Lists, Miscellanea, Reviews

Fiction to Film: A Top Ten List

In a topic near and dear to my heart, this week’s top ten list is movies based of books. I’ve done this a few times already (see here, here, and here), luckily there is no shortage of material for lists like these. I’m splitting this into five good and five bad adaptations.

As I’ve previously discussed the successful Jaws, Drive, Trainspotting, High Fidelity, Casino Royale, and conversely, the less than successful The Shining, I am Legend, Beowulf, Captain Corelli’s Mandolin, and The Mysteries of Pittsburgh, here are ten new options (as hosted by The Broke and The Bookish):

Sin City

Best Adaptations:

10. Much Ado About Nothing by William Shakespeare. I’ve been to the movies twice this year. Once to see Stoker and once to see Joss Whedon’s Much Ado About Nothing (this past Friday) and I was alone (as in the theater was entirely empty, save me) both times. Does no one want to see excellent movies anymore? Because The Lone Ranger was packed. Those who have any love for Benedick and Beatrice, go see Joss Whedon’s excellent version.

9. Fight Club by Chuck Palahniuk. This might be one of the rare instances where I enjoyed the movie more than the book. I’d recommend both though.

8. The Hotel New Hampshire by John Irving. Long live the ’80’s, dysfunction, and eccentricities.

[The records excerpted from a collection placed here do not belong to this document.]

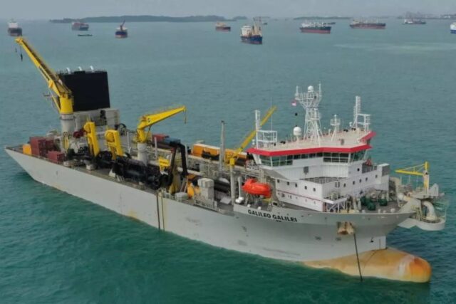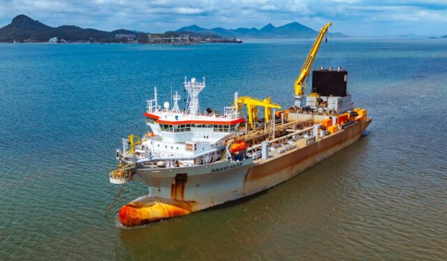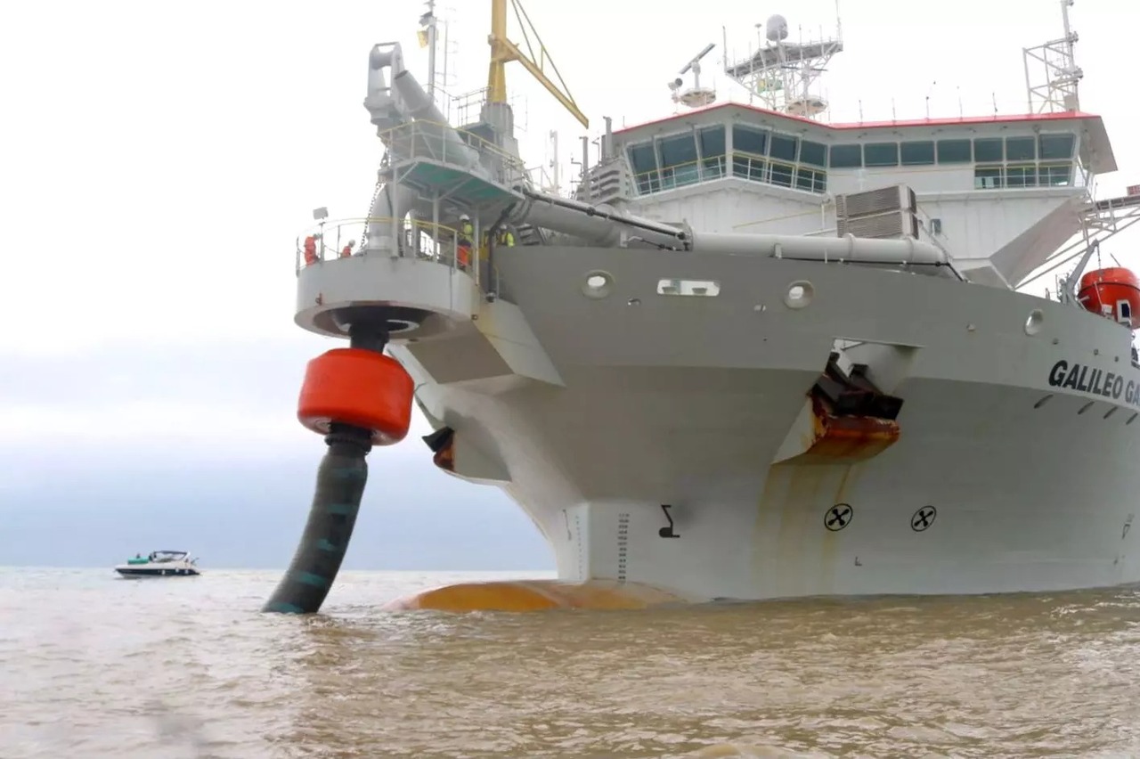 Construída em 2020 e com bandeira de Luxemburgo, a draga Galileo Galilei mede 167 metros de comprimento e 36 de largura, com capacidade para 18 mil m³ de material. O equipamento, de origem chinesa, foi o mesmo utilizado no alargamento da Praia Central de Balneário Camboriú e é operado pela empresa belga Jan De Nul, referência mundial em dragagem.
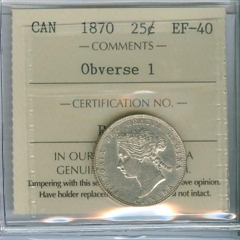 1870 25¢ Obv#1 ICCS EF40. White and lustrous.
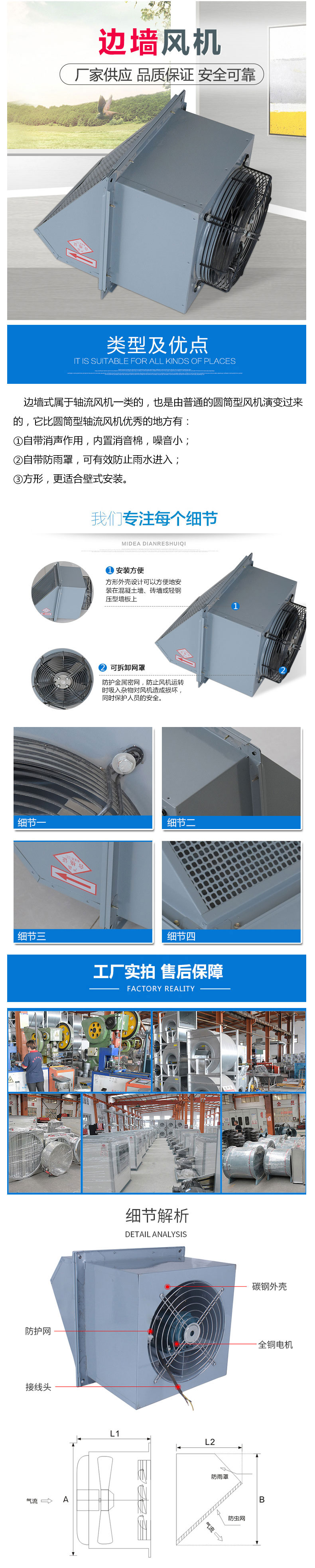 邊墻風(fēng)機(jī)采用的前掠型葉片、低噪音的外轉(zhuǎn)子或內(nèi)轉(zhuǎn)子風(fēng)機(jī)電機(jī)直聯(lián)傳動(dòng),方形外殼設(shè)計(jì)可以方便地安裝在混凝土墻、磚墻或輕鋼壓型墻板上,方形防雨罩結(jié) 構(gòu)牢固,外形美觀。具有噪聲低、風(fēng)量大、運(yùn)行可靠、性能參數(shù)范圍廣、安裝簡(jiǎn)便等特點(diǎn),廣泛應(yīng)用于廠礦企業(yè)車(chē)間和民用、商用建筑工程的邊墻壁式通風(fēng)換氣。根 據(jù)輸送介質(zhì)的要求,可制成防腐、防爆型。 WEX(DWEX)系列風(fēng)機(jī)一般用于邊墻壁式排風(fēng),配設(shè)45°防雨罩(或特殊制造成60°)和防蟲(chóng)網(wǎng)(夜間可防止昆蟲(chóng)循燈光飛入車(chē)間)??砂葱枰瞥蛇厜λ惋L(fēng)機(jī)型號(hào)為DWSP(WSP),配設(shè)90°防雨罩(防風(fēng)、雨、塵)和防蟲(chóng)網(wǎng)(夜間可防止昆蟲(chóng)循燈光飛入車(chē)間)。
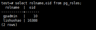 通过pg_roles字典查看数据库的用户信息:select rolname,oid from pg_roles;
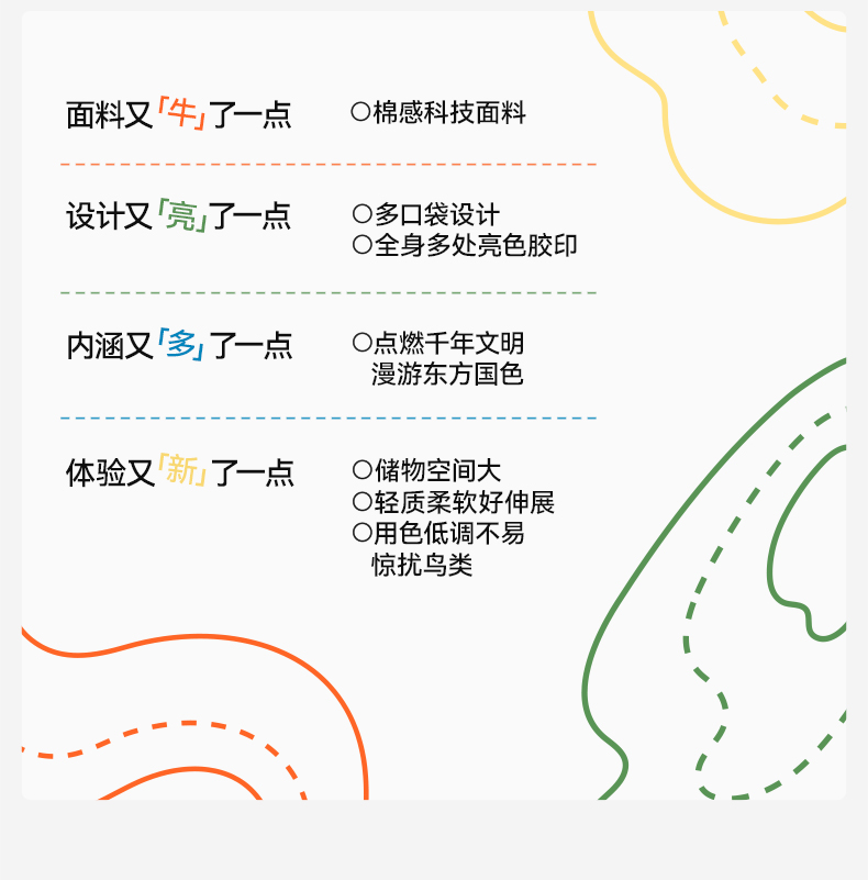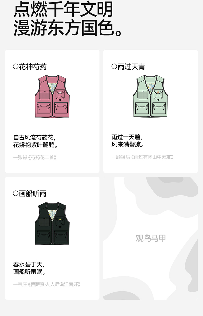 推荐理由:以观鸟场景为设计初心,整个色系的选择相对更适合融入自然,且多口袋的设计风格,满足了户外观鸟的使用需求,储物空间非常强悍。
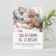Perfect funny holiday card with the saying All is Not Calm. All is Still Bright! This card has pretty hand lettering and script calligraphy typography. Add a photo to the front along with holiday message, family name and year. Everyone will love it! Black and white tree pattern with little gold stars on the back
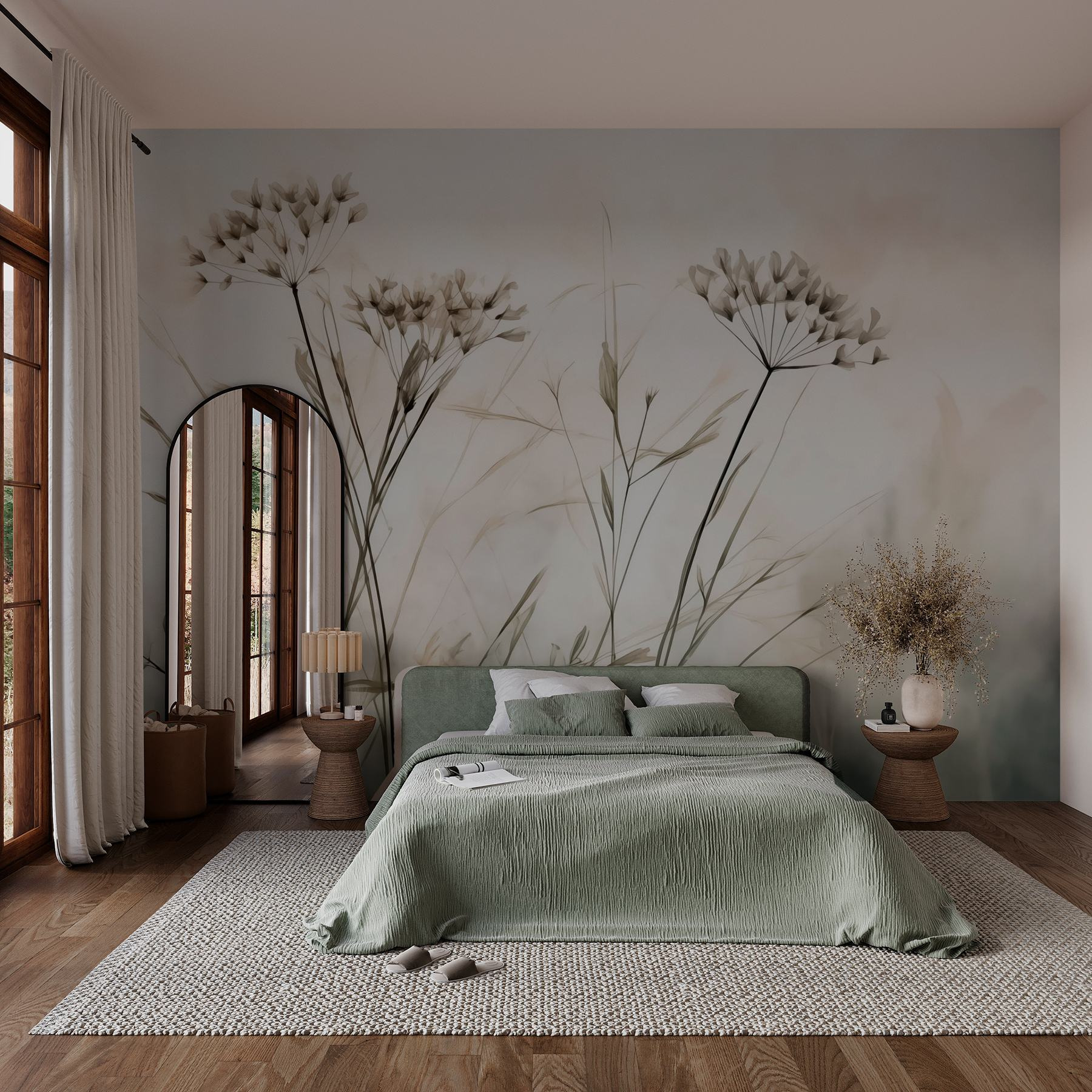 Apportez une touche de nature à l’intérieur avec la peinture murale “Fleurs délicates dans des tons doux”. Ce motif serein évoque l’élégance, mêlant des pétales doux et des verts tendres qui donnent l’impression d’une bouffée d’air frais. Imaginez que vous entrez dans une pièce où les murs semblent fleurir et où les papillons voltigent (d’accord, c’est peut-être juste dans votre imagination). C’est la toile de fond idéale pour les dimanches après-midi paresseux ou pour inspirer des vibrations créatives. De plus, qui ne voudrait pas avoir l’impression de se trouver dans une aquarelle ? C’est comme faire son nid dans un jardin, le pollen en moins !
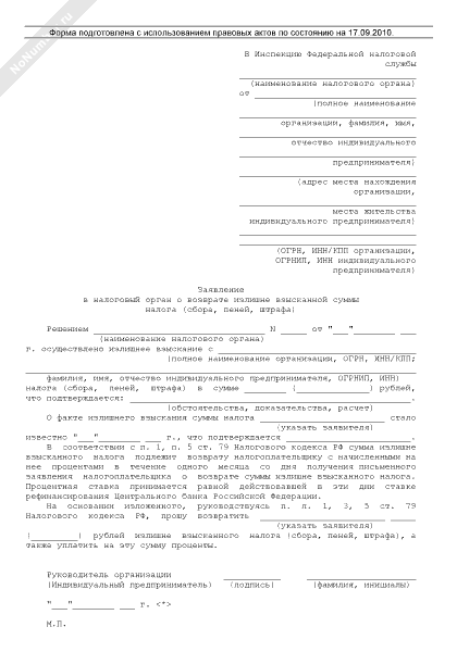 Заявление в налоговый орган о возврате излишне взысканной суммы налога (сбора, пеней, штрафа)
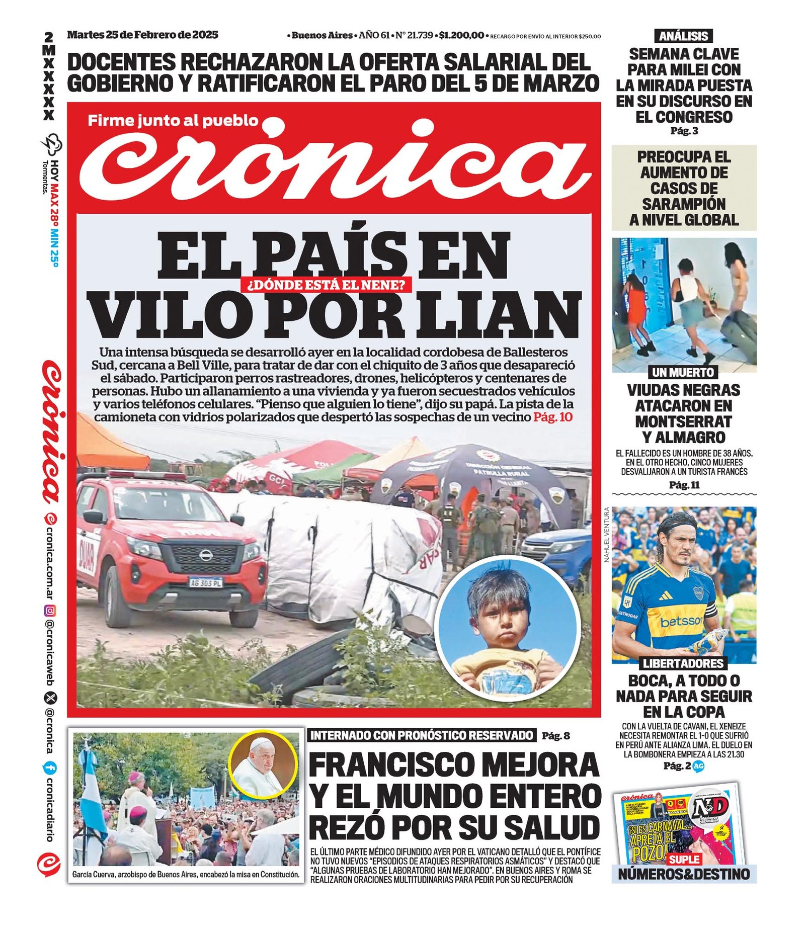 Tapas de los diarios del 25 de febrero
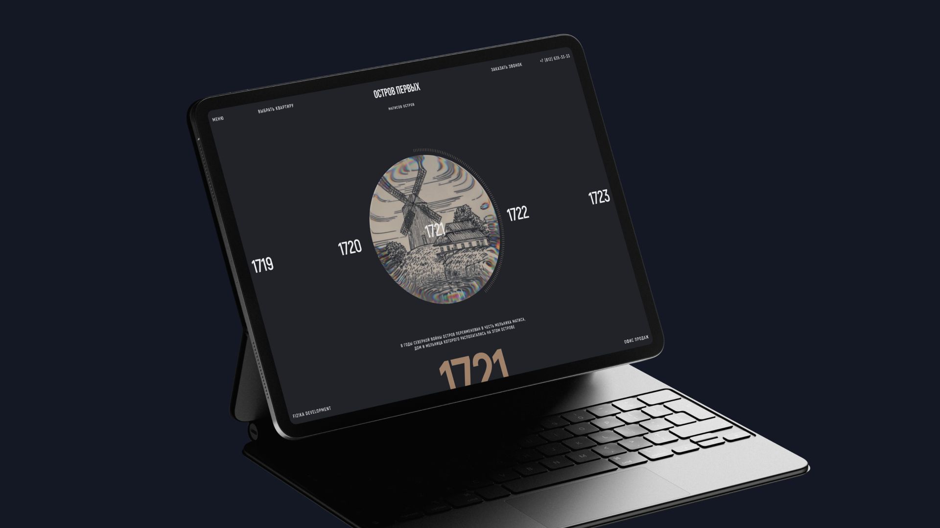 Наш взгляд на экран постепенно фокусируется от общих видов на конкретные даты, постепенно превращаясь в таймлайн, неумолимо фиксирующий ключевые исторические вехи через эффект жидкого стекла.

7. Clueless (based on Emma by Jane Austen). Emma is one of the Austen novels that didn’t work for me. On my list of literary characters to loathe, I labeled her annoying, spoiled, frivolous, nosy, gossiping, inconsiderate, manipulative, and self-centered. However, Clueless ranks among my favorite movies. Anything that can make the story of Emma palatable is a success.  Has anyone else noticed that Paul Rudd doesn’t age?

6. Sin City by Frank Miller. If Frank Miller’s happy, I’m happy.

Worst Adaptations:

5. Troy. Loosely adapted from Homer’s Illiad, I couldn’t get past the removal of all the gods. It’s important not to underestimate the importance of ‘loosely’ in the previous sentence.

4. Great Expectations by Charles Dickens. The one with Gwyneth Paltrow. As I’m not a GP fan, this was not destined to be appreciated by me. However, it looked pretty.

3. The Bonfire of the Vanities by Tom Wolfe. Perhaps Nothing’s worse than The Bonfire of the Vanities. It’s not that it’s a bad adaptation, which it is; it’s truly a bad movie. Clearly, whoever cast the film did not read the same novel I did (or pointedly ignored it), because Tom Hanks is not Sherman McCoy – among the many, many other issues. I just watched this, so I’m still freshly disdainful.

2. Sahara by Clive Cussler. Confession time? I am a huge fan of Clive Cussler’s old school Dirk Pitt novels. Cyclops? Deep Six? Pacific Vortex? Loved ‘em. Perhaps I’m a little in love with the Doxa dive watch wearing, ocean exploring, damsel in distress rescuing, tequila drinking, opaline green-eyed adventurer – then again, who isn’t? But Sahara was very, very bad. What Die Another Day did to James Bond is what Sahara does to Dirk Pitt.

1. Bag of Bones by Stephen King. Consider this a warning for upcoming profanity. I am a huge Stephen King fan. Movies like The Shawshank Redemption, The Shining, The Green Mile, Carrie, Misery, and Stand by Me prove that Stephen King adaptations can be done well. So don’t fuck with my favorite Stephen King novel. In this modern era of filmmaking, it seems inconceivable that a movie (or miniseries) could veer as far off course as Bag of Bones did. Pierce Brosnan is a crotchety 60 year old, dark haired Irishman attempting (and failing) to portray a pleasant 40 year old, blond haired American. WHY? Also, anyone thinking that Maximum Overdrive should’ve taken this spot over Bag of Bones is missing the brilliant and unintentional hilarity of that movie. Good stuff.

Do you have a favorite movie based on a book? Do you think books are always better than the movies? I don’t (heresy, I know).